Stored records:
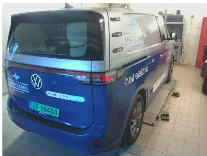
3.1 Øvrig opplysninger
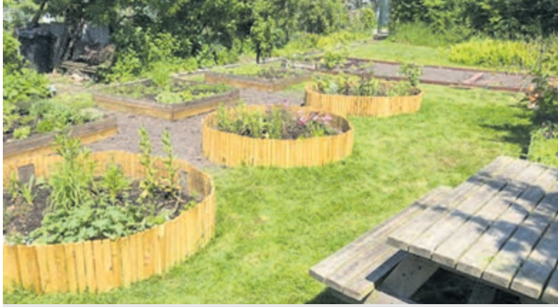
De pluktuin van de Gillestuin. Foto aangeleverd.
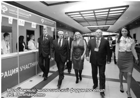
Молодежный экологический форум посетил Г.С. Полтавченко

Г.С. Полтавченко открыл экспериментальную площадку «Санкт-
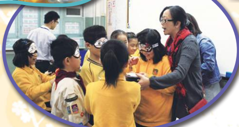
奧比斯矇眼午餐活動
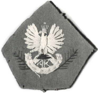
Patka płk. Franciszka Faixa.
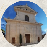
Place de l'Église
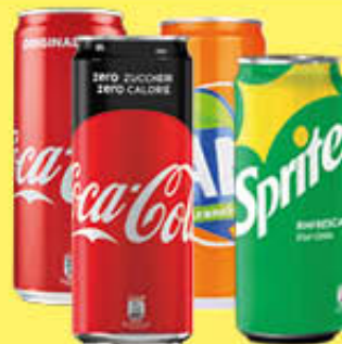
FANTA/SPRITE COCA COLA/ CLASSICA/ZERO LATTINA 33 CL

## What is required
Reproduce every line above as written, skipping pictures.

## Reply to the task
3.1 Øvrig opplysninger
De pluktuin van de Gillestuin. Foto aangeleverd.
Молодежный экологический форум посетил Г.С. Полтавченко

Г.С. Полтавченко открыл экспериментальную площадку «Санкт-
奧比斯矇眼午餐活動
Patka płk. Franciszka Faixa.
Place de l'Église
FANTA/SPRITE COCA COLA/ CLASSICA/ZERO LATTINA 33 CL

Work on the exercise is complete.